### Provided records ###

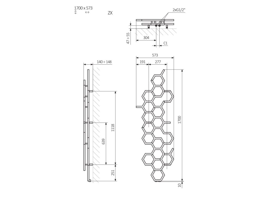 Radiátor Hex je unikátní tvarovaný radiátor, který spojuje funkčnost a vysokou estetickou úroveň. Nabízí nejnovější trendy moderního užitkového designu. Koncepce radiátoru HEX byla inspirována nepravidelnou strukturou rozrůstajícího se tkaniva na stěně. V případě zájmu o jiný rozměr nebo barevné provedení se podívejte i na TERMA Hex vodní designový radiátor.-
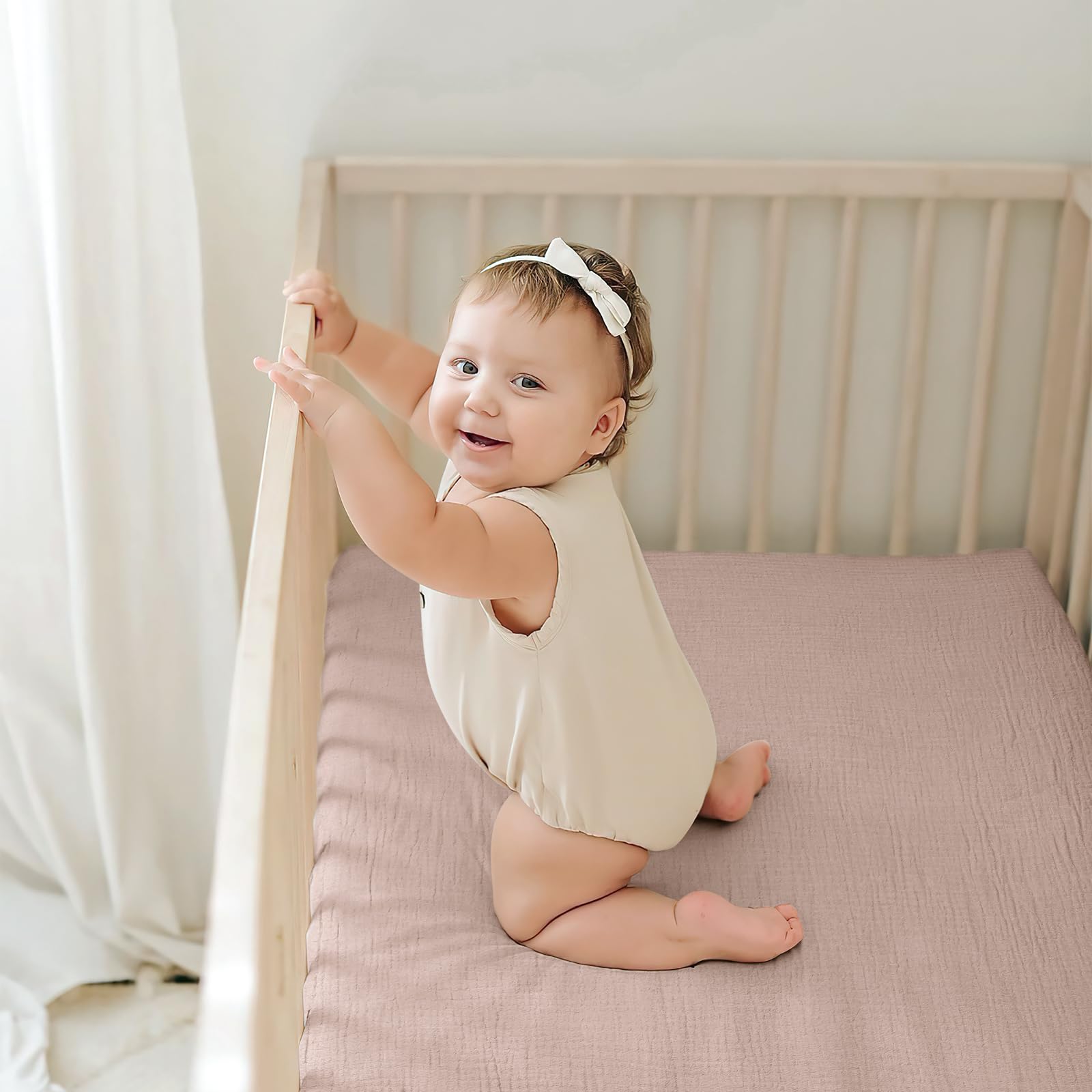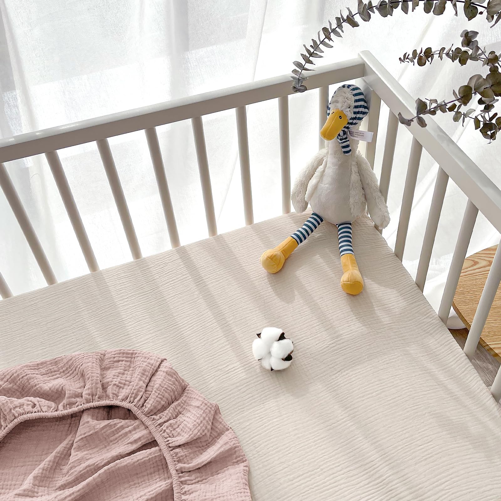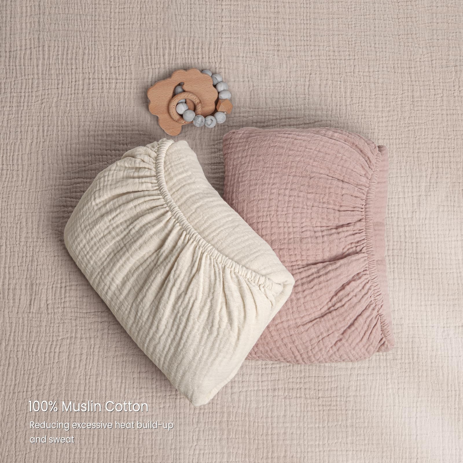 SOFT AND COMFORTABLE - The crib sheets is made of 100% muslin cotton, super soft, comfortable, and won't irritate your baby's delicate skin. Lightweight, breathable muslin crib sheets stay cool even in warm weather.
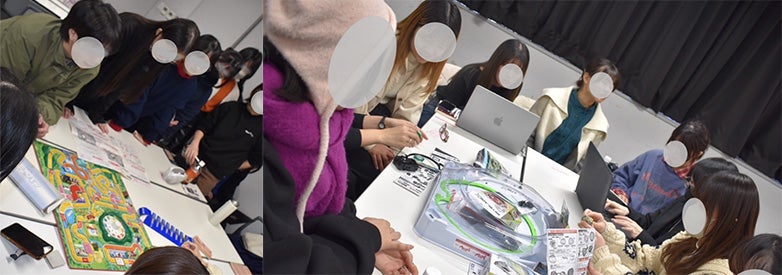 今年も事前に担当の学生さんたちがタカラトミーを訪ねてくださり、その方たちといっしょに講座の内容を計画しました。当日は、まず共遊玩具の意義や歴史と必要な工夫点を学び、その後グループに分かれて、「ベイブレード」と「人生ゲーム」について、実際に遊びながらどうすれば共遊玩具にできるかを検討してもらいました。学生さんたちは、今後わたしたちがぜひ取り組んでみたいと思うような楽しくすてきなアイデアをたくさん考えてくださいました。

###
### Provided records ###

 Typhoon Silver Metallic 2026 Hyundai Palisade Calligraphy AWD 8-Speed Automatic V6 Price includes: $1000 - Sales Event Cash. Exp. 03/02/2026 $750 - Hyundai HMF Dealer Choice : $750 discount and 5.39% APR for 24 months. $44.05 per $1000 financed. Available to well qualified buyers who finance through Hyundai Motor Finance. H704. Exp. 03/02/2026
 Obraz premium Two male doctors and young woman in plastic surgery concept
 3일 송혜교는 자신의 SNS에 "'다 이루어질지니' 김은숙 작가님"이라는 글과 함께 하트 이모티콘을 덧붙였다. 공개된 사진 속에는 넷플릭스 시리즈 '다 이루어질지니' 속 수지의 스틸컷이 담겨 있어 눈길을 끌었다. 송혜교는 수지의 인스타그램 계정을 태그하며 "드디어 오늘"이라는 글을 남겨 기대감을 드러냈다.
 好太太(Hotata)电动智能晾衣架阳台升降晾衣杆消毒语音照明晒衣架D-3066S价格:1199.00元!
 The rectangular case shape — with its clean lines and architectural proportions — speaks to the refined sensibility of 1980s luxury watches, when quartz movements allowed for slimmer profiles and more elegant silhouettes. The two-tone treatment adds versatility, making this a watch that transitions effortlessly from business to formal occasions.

###

_Your instructions:_
Start with the line with "Radiátor Hex je" in the listing above and stop after the line with "今年も事前に担当の学生さんた". Write out exactly the lines in that stretch and no others, without pictures.

_Answer to this task:_
 Radiátor Hex je unikátní tvarovaný radiátor, který spojuje funkčnost a vysokou estetickou úroveň. Nabízí nejnovější trendy moderního užitkového designu. Koncepce radiátoru HEX byla inspirována nepravidelnou strukturou rozrůstajícího se tkaniva na stěně. V případě zájmu o jiný rozměr nebo barevné provedení se podívejte i na TERMA Hex vodní designový radiátor.-
 SOFT AND COMFORTABLE - The crib sheets is made of 100% muslin cotton, super soft, comfortable, and won't irritate your baby's delicate skin. Lightweight, breathable muslin crib sheets stay cool even in warm weather.
 今年も事前に担当の学生さんたちがタカラトミーを訪ねてくださり、その方たちといっしょに講座の内容を計画しました。当日は、まず共遊玩具の意義や歴史と必要な工夫点を学び、その後グループに分かれて、「ベイブレード」と「人生ゲーム」について、実際に遊びながらどうすれば共遊玩具にできるかを検討してもらいました。学生さんたちは、今後わたしたちがぜひ取り組んでみたいと思うような楽しくすてきなアイデアをたくさん考えてくださいました。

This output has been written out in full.